▶ [Task instructions]:
The copy you return should hold only the lines from the top of the data below through the line with "Crinkle-Effect Sculptural-Heel Pointed-Toe", each duplicated exactly and with no pictures.

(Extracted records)
::::

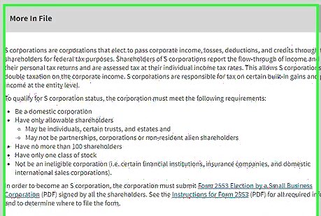File IRS Form 2553. Form 2553 requires basic information about your corporation, and tells the IRS that your corporation elects to be an S corporation. It includes a consent statement that must be signed by all shareholders. Pay attention to deadlines. If you use a 12-month calendar tax schedule, this form must be filed by March 15 of the year you want to claim the election. If you file it after March 15, the election won't take effect until the following tax year, though there are some exceptions.
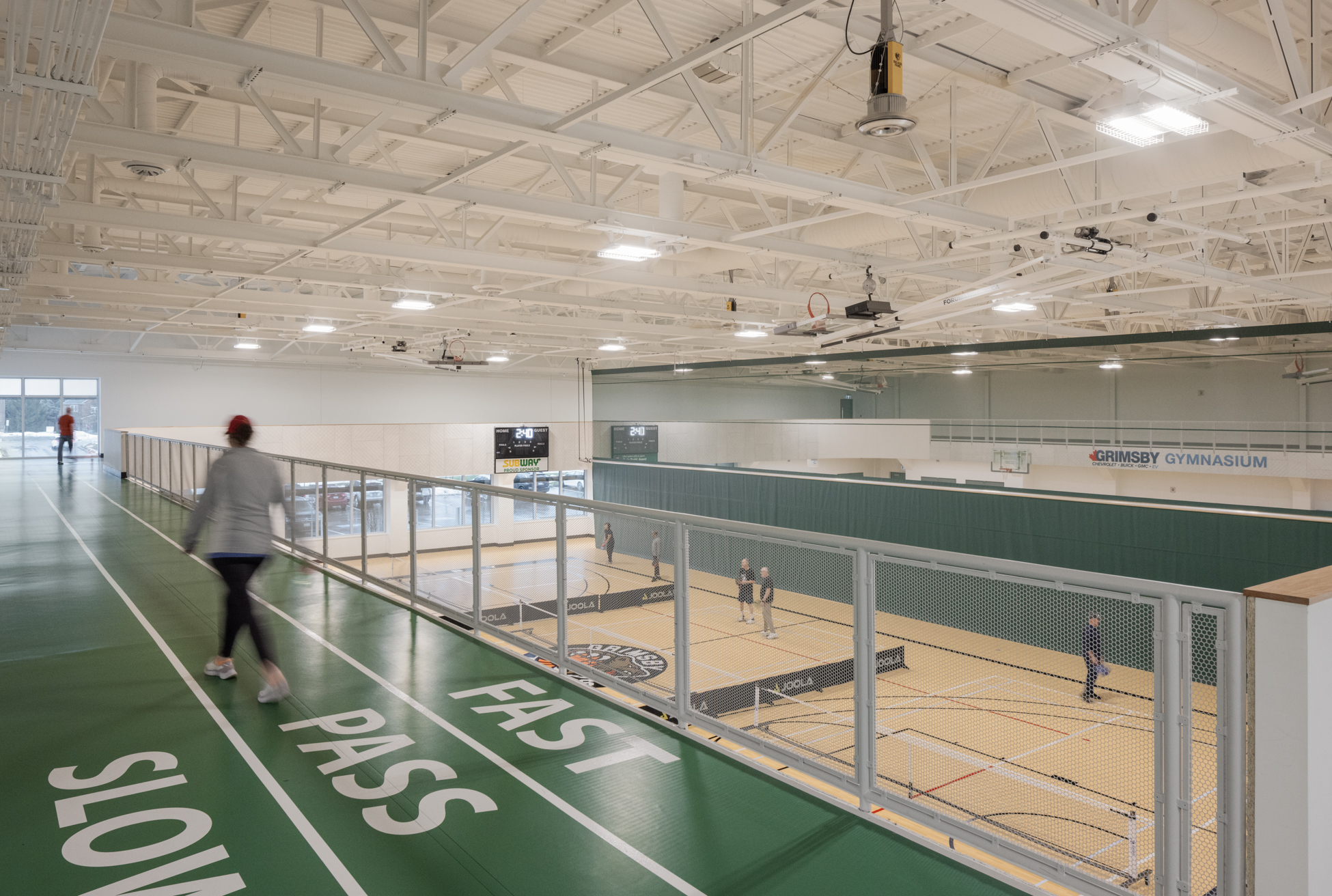 A new addition introduces a double gymnasium, walking track, fitness and youth spaces, and multipurpose rooms, while renovations strengthen the existing arena.
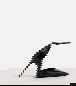 Crinkle-Effect Sculptural-Heel Pointed-Toe Mules
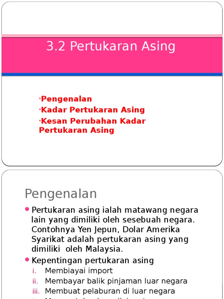 Tetapi jangan percaya saja akan kata-kata kami. Kadar pertukaran asing asal ialah US1 RM350 Kadar pertukaran asing baru ialah US1 RM 375 Perubahan kadar pertukaran asing tersebut menunjukkan nilai RM menurun atau nilai US meningkat Nilai RM menurun kerana lebih banyak Ringgit Malaysia diperlukan utk mmbeli satu Dolar Amerika Syarikat KESAN PERUBAHAN PERTUKARAN ASING TRHADAP IMPORT. Instrumen Multilateral MLI Individu Tidak Bermastautin.
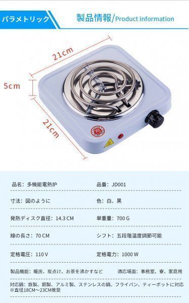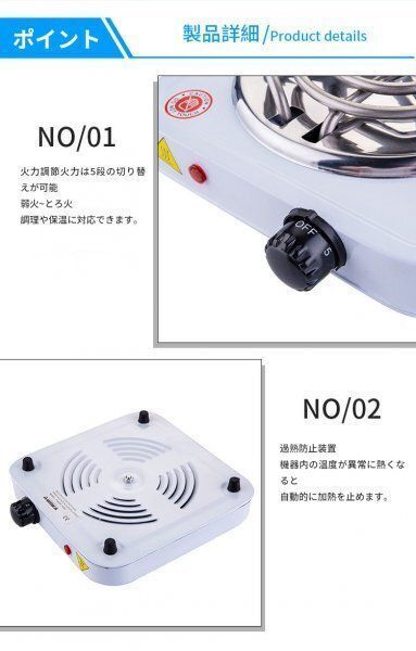 過熱保護、不粘着コーティングと1000 Wパワー、耐久性のあるステンレス加熱管、このバーナーは加熱が迅速で、均一に食べ物を調理でき、安全、迅速、高効率です
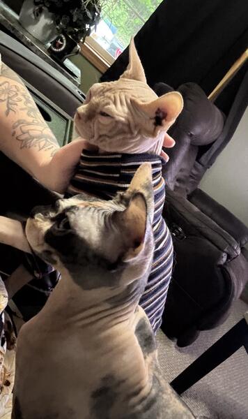 message titos about this ad A male and a female spynx Both fixed and current vaccines Male-pink born Jan 2024 Female-Calico born June 2024 Good with kids, cats and dogs. Very sociable and love to sit on your lap and sleep in your bed. No issues. Just family living situation is changed. Would like to go together but can be separated $1500 each 715-379-7861 Black River Falls Wi |
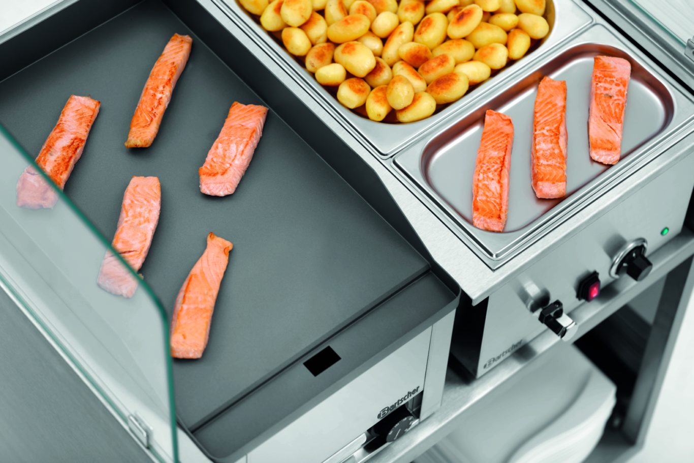 Вставная полка для Snackpoint 200 рассчитана на гриль GDO 320E-G и паровую баню формата 1/1 GN. Она позволяет готовить блюда и поддерживать их в идеально теплом состоянии до выдачи.
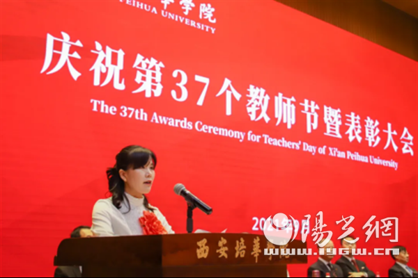 党委副书记、副校长姚文静副教授宣读《西安培华学院关于表彰2020-2021学年优秀教师、优秀辅导员、先进工作者的通报》
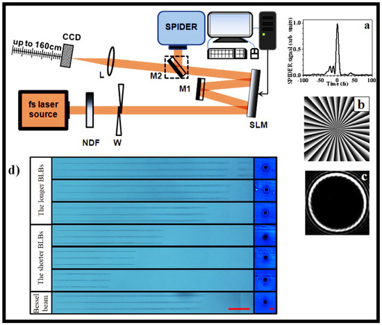 Using a single reflective SLM, a simple but effective approach for producing zeroth- and first-order GBBs [146]. Diffraction half-angles of less than 40 μrad are obtained, and the propagation distance of the beam of more than 1.5 m is attained. In Figure 9, the experimental configuration is shown in the upper panel. To avoid damaging the SLM, the beam from a high-power few-cycle fs laser system is first controllably attenuated by a neutral density filter (NDF). The beam is then passed through a pair of fused silica wedges for accurate modification of the system’s minimum pulse duration. The pulses are characterized by spectral phase interferometry for direct electric-field reconstruction using a commercial device. Figure 9a shows an example of a normal pulse (duration 7.5 fs) [146]. Following the wedges, the beam enters the first half of the SLM, which has been programmed with the phase distribution of a highly charged optical vortex, as seen in Figure 9b [146]. The beam’s phase and amplitude are modulated, and the beam is diverted to M1, a clear silver mirror. The beam is reflected a second time at the other half of the correctly programmed SLM through this mirror. The topological charge of the highly charged optical vortices formed from the first reflection is reset to zero or one after this second reflection. Figure 9c depicts a standard RSB in the plane of the lens [146]. Due to their diffraction resistance, BBs are useful in high aspect-ratio micro-hole drilling. However, traditional BB generation approaches result in low adjustability of the nondiffraction length. The use of a phase-only SLM to generate Bessel-like beams (BLBs) with an arbitrary nondiffraction length is demonstrated [116]. Nondiffraction lengths ranging from 10 to 35 mm can be obtained using this process by altering the designed phase profile. The drilling results are shown in Figure 9d [116]. By spatially forming a fs laser beam, high-quality, high aspect ratio (560:1), and length-adjustable micro-holes can be drilled [116].
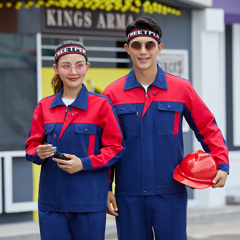 Setelan pakaian kerja pria lengan panjang, pakaian kerja strip reflektif, pakaian pabrik, anti aus, pakaian kerja perbaikan otomatis, musim semi dan musim gugur
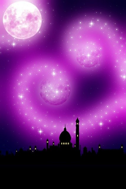 a thousand and one nights, sherazade, fairy tales, orient, fantasy, cover, magic, fairytale, mythical, strange world, world, space, milky way, moon, night, fantastic, silhouette, city, fairy moon, beautiful, romantic, playful, dreamy, different world, Free illustrations, Free Images.Free download template A Thousand And One Nights integrated with the OffiDocs web apps
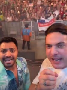 O cantor também apareceu ao lado de Tirullipa no palco. Wesley se esbaldo nas águas do Amazonas e garantiu que é mais um apaixonado por nossas belezas naturais.
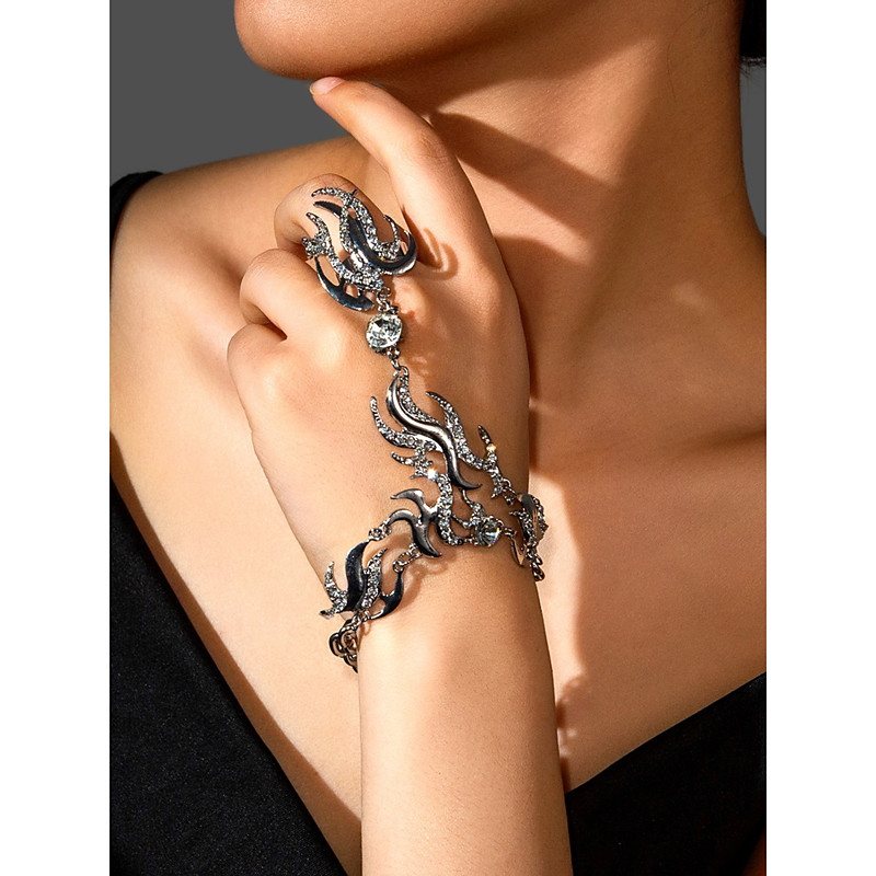 Women's Gold Rhinestone Hand Chain Bracelet Ring Set, Luxury Statement Jewelry with Crystal Flames Design, Perfect for Parties, Galas Evening Events

::::

▶ [Answer for the task]:
File IRS Form 2553. Form 2553 requires basic information about your corporation, and tells the IRS that your corporation elects to be an S corporation. It includes a consent statement that must be signed by all shareholders. Pay attention to deadlines. If you use a 12-month calendar tax schedule, this form must be filed by March 15 of the year you want to claim the election. If you file it after March 15, the election won't take effect until the following tax year, though there are some exceptions.
 A new addition introduces a double gymnasium, walking track, fitness and youth spaces, and multipurpose rooms, while renovations strengthen the existing arena.
 Crinkle-Effect Sculptural-Heel Pointed-Toe Mules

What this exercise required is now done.